Akarnya dipakai di 72 ayat, antara lain 2:35, 4:1, 30:21, 36:36, dan 78:8. Di sebagian besar pemakaiannya akar itu menamai pasangan suami istri, sedangkan di sini ia menamai jiwa yang dipasangkan.
Al-Qur'an tidak menyebut dengan apa jiwa itu dipasangkan, dan pembacanya dibiarkan tanpa keterangan itu. Kata keduanya berasal dari akar yang berdiri di tiga ayat di dalam surah ini, yaitu ayat ini, 81:14, dan 81:18.
Jadi akar itu yang paling menyebar di dalam surahnya. Di sini dan di 81:14 akar itu menamai jiwa manusia, dan di 81:18 ia menamai subuh yang bernapas.
Ayat ini yang pertama di dalam rangkaiannya yang menyebut manusia sendiri, sesudah enam ayat tentang alam, harta, dan binatang. Kata keduanya berbaris damah karena menjadi pokok kalimatnya, sama seperti enam kata pokok sebelumnya. Bentuk kata kerjanya berbentuk lampau, padahal peristiwanya belum terjadi, sehingga kepastiannya dinyatakan lewat bentuk waktu sama seperti di enam ayat sebelumnya. Jadi tujuh ayat menggantung bersama, dan pokok kalimat yang dijanjikan masih tujuh ayat lagi jauhnya di 81:14.
Renungan dan Hikmah
- Kata keduanya berasal dari akar yang berdiri di tiga ayat di dalam surah ini, yaitu 81:7, 81:14, dan 81:18. Di sini dan di 81:14 akar itu menamai jiwa manusia, dan di 81:18 ia menamai subuh yang bernapas. Jadi satu akar mengikat jiwa dan napas pagi tanpa satu kalimat penghubung dari Allah. Kesejajaran itu tidak ditandai satu kalimat pun, dan pembacanya sendiri yang harus melihat bahwa satu akar mengikat jiwa manusia dan napas pagi di surah ini. Jiwa yang dipasangkan tidak diberi tahu dengan apa ia dipasangkan.

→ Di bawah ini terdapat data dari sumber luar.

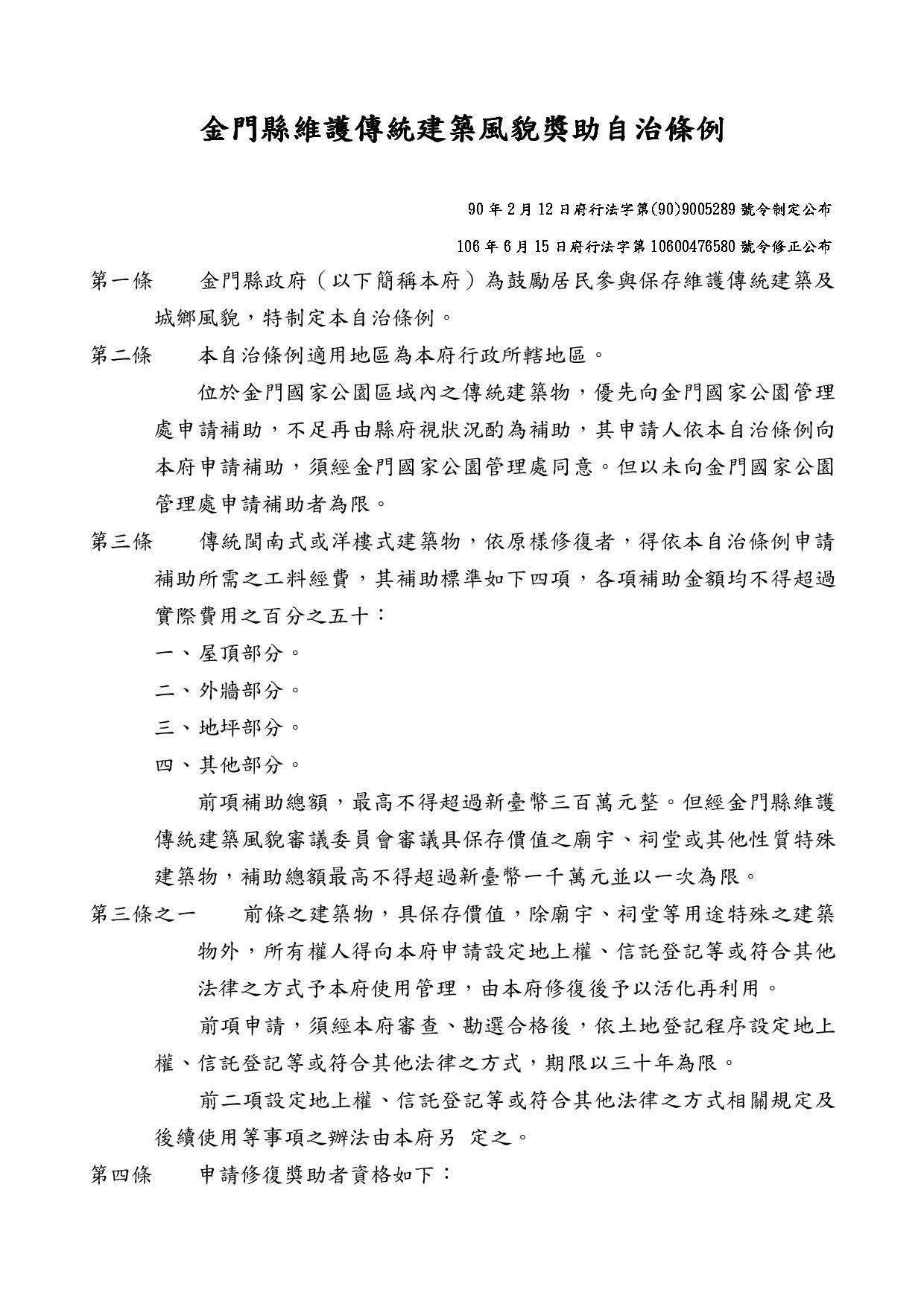 二、法令依據:金門縣維護傳統建築風貌自治條例、金門縣維護傳統建築風貌建築審議原則、金門縣維護傳統建築風貌建築物修繕獎助金額核算基準表、金門縣政府對民間團體及個人補(捐)助經費作業要點。

- Kata kerjanya muncul 1 kali di seluruh Al-Qur'an, dan akarnya dipakai Allah di 72 ayat, antara lain 2:35, 4:1, 30:21, 36:36, dan 78:8. Di sebagian besar pemakaiannya akar itu menamai pasangan suami istri, sedangkan di sini ia menamai jiwa yang dipasangkan. Angka itu bisa dihitung ulang siapa pun dengan memeriksa daftarnya, dan yang tidak bisa dihitung adalah alasan pemakaian akar pasangan untuk jiwa yang dipasangkan. Jiwa yang dipasangkan tidak diberi tahu dengan apa ia dipasangkan.
- Allah tidak menyebut dengan apa jiwa itu dipasangkan, dan pembacanya dibiarkan tanpa keterangan itu di dalam ayat ini maupun di ayat mana pun sesudahnya. Apa yang dibayangkan pembaca ketika ia diberi tahu jiwanya akan dipasangkan tanpa diberi tahu dengan apa? Ketiadaan keterangan itu perlu dijaga di dalam terjemahannya, sebab menyisipkannya akan menutup apa yang sengaja dibiarkan kosong oleh susunan katanya. Akar yang menamai pasangan suami istri dipakai untuk pengelompokan jiwa.

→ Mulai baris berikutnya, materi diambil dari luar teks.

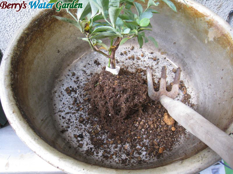 根鉢のままだと根がサークリングして植え付け後の成長が良くないので、根鉢を崩します。 |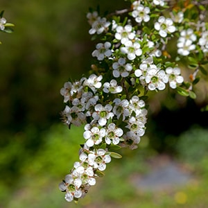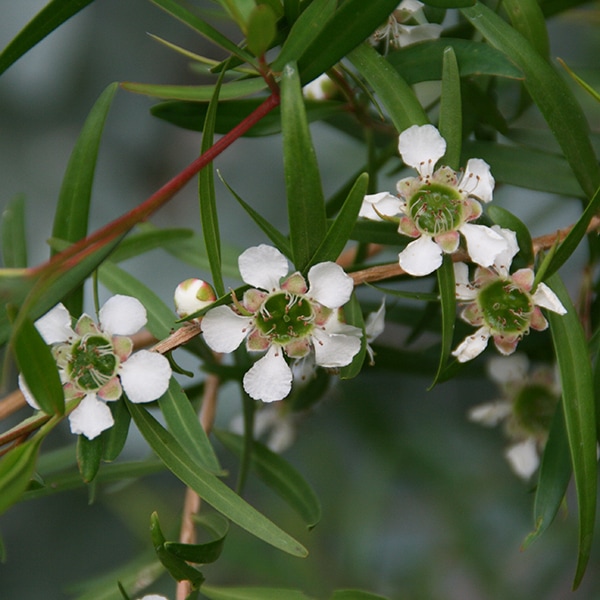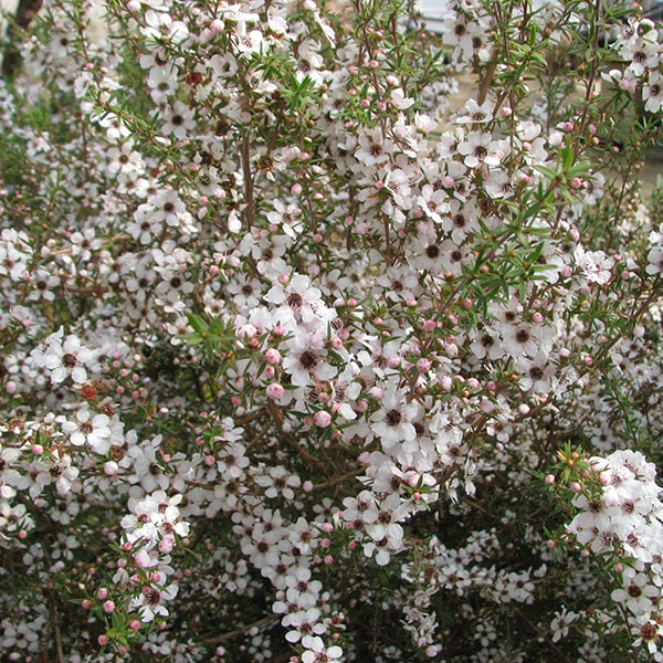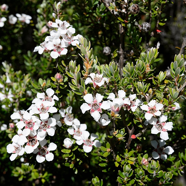 東オーストラリアからニュージーランドに見られ、葉は細かく、ウメに似た白花・薄桃花が早春に開花。マヌカのハチミツは有名。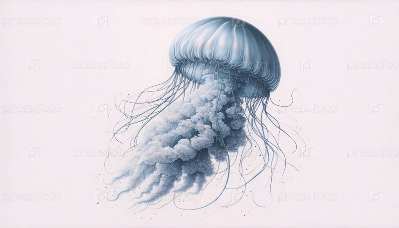 Дрейфующая медуза чернила рисование художественная печать, Ai generated image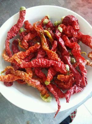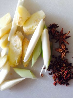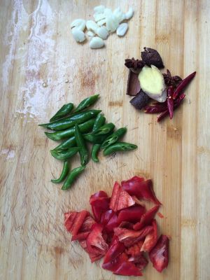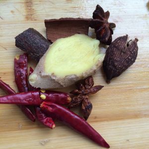 干红椒、大料、桂皮、草果洗净,生姜切一大块
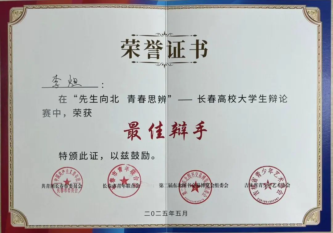 在激烈角逐的赛场上,思维的火花不断迸发!由共青团长春市委、长春市青联、第二届东北书博会主办,吉林科学技术出版社、吉林省青少年艺术协会承办的 “先生向北,青春思辨” 辩论赛中,长春科技学院辩论队一路披荆斩棘,成功闯入八强!这一荣耀时刻,属于每一位为之拼搏的长科学子!本次辩论赛,生命科学学院李炟荣获“最佳辩手”、我校荣获“优秀组织单位”奖、闫冬妮荣获“优秀指导教师”。团委始终高度重视学生的全面发展,积极为同学们搭建各类展示才华的平台,...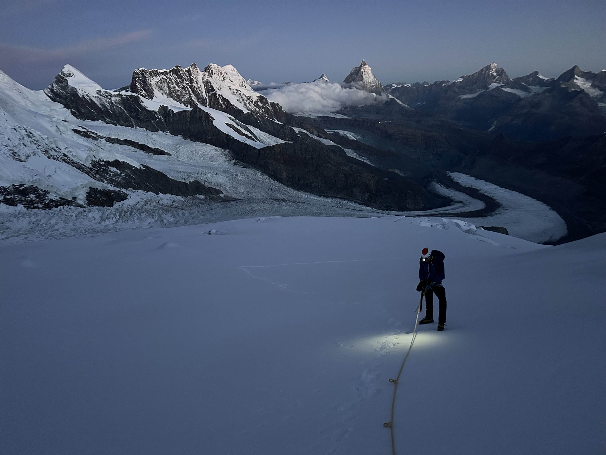Am Gipfel der Dufourspitze (4.634 m) eröffnet sich ein überwältigendes Panorama über die gesamte Walliser Bergprominenz – ein Moment, der lange in Erinnerung bleibt. Nach ausgiebigem Gipfelgenuss erfolgt der Abstieg entlang der Aufstiegsroute zurück zur Monte-Rosa-Hütte und weiter mit einem fordernden Gegenanstieg zur Station Rotenboden. Von dort bringt uns die Bahn müde, aber glücklich zurück nach Zermatt.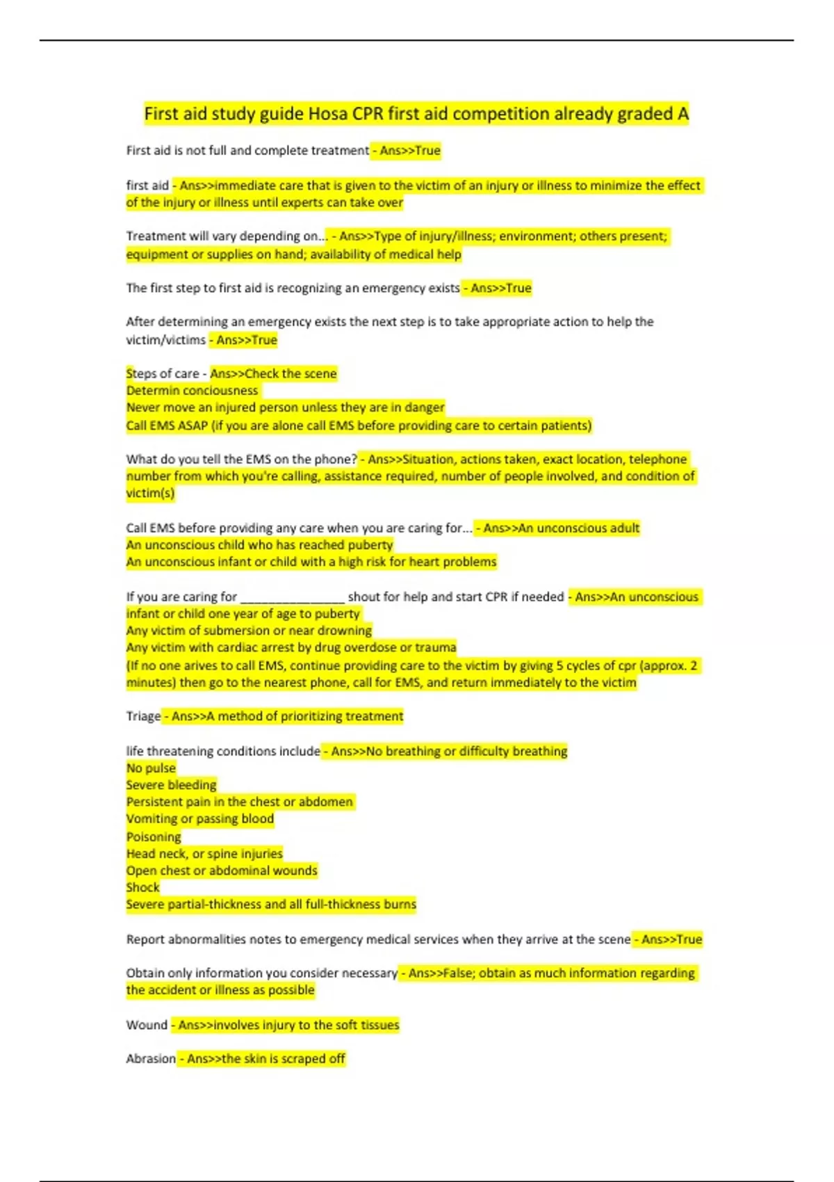 First aid study guide Hosa CPR competition already graded A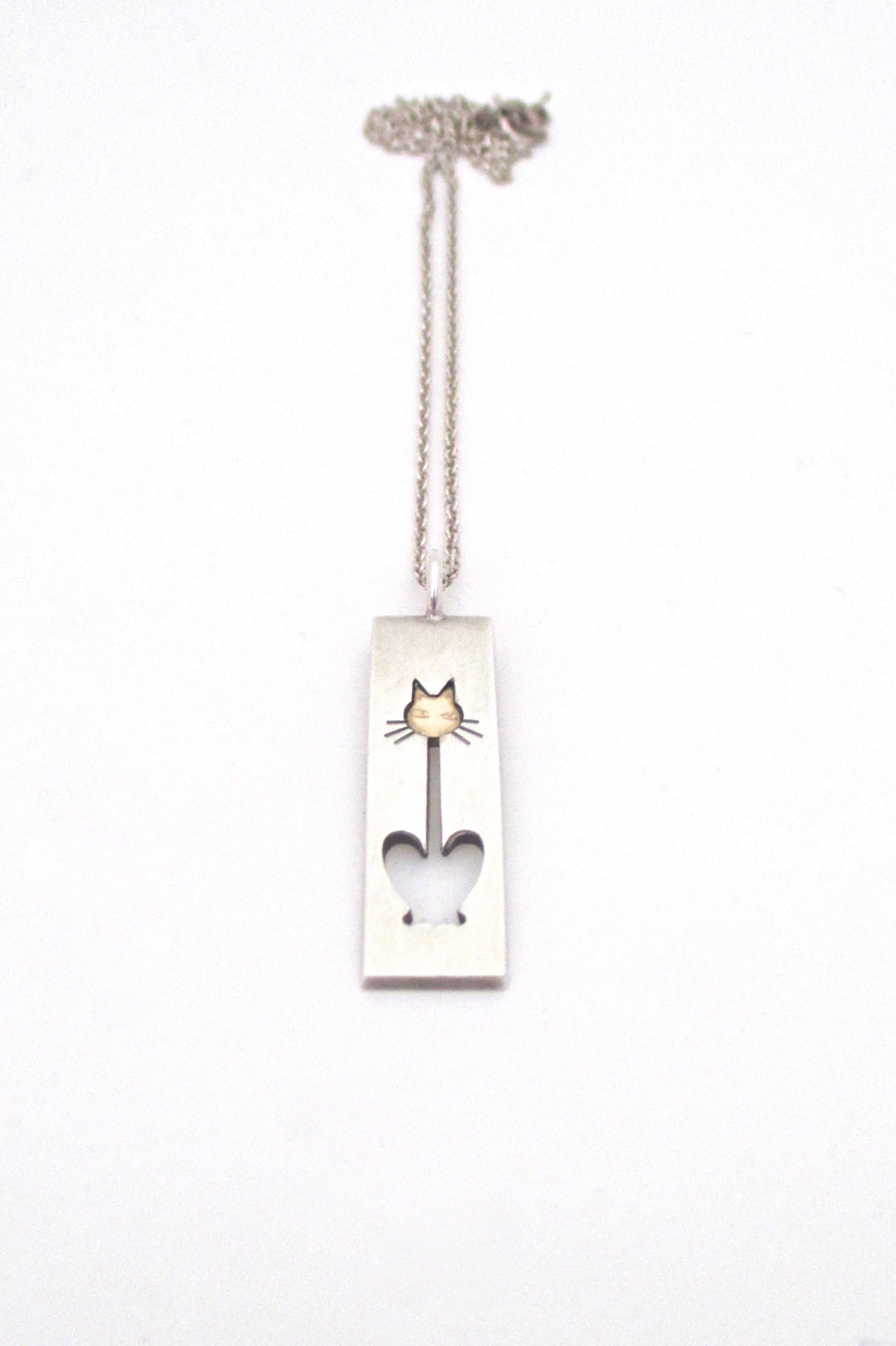 Elis Kauppi for Kupittaan Kulta silver & gold cat pendant

- Bentuk kata kerjanya berbentuk penderita dan berpola kedua, sama seperti bentuk di 81:1, 81:3, 81:4, dan 81:6. Jadi lima ayat di dalam rangkaian ini memakai bentuk yang sama persis sampai ke polanya tanpa satu kata pembeda dari Allah. Kesejajaran itu berlaku sampai ke polanya, dan pembacanya sendiri yang harus melihat bahwa lima ayat memakai bentuk kata kerja yang sama persis. Akar yang menamai pasangan suami istri dipakai untuk pengelompokan jiwa.
- Ayat ini yang pertama di dalam rangkaiannya yang menyebut manusia sendiri, sesudah enam ayat tentang alam, harta, dan binatang. Jadi urutan Allah bergerak dari yang paling jauh kepada yang paling dekat tanpa satu kata penanda di antaranya. Urutan itu tidak diterangkan Al-Qur'an, dan yang bisa dicatat cuma bahwa manusia disebut sesudah enam benda di luar dirinya di dalam rangkaiannya. Jiwa yang dipasangkan tidak diberi tahu dengan apa ia dipasangkan.

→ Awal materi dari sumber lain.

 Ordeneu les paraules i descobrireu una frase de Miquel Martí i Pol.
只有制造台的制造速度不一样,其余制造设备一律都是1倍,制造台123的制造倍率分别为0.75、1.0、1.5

- Susunan ayat ini sejajar dengan susunan enam ayat sebelumnya, dan ia tetap tidak memuat kalimat pokok. Jadi tujuh ayat menggantung bersama, dan pokok kalimat yang dijanjikan Allah masih tujuh ayat lagi jauhnya di 81:14. Yang tersedia bagi pembacanya cuma tujuh gambaran yang sudah lewat, dan kalimat pokoknya masih tujuh ayat lagi jauhnya di dalam susunan surahnya. Jiwa yang dipasangkan tidak diberi tahu dengan apa ia dipasangkan. Akar yang menamai pasangan suami istri dipakai untuk pengelompokan jiwa.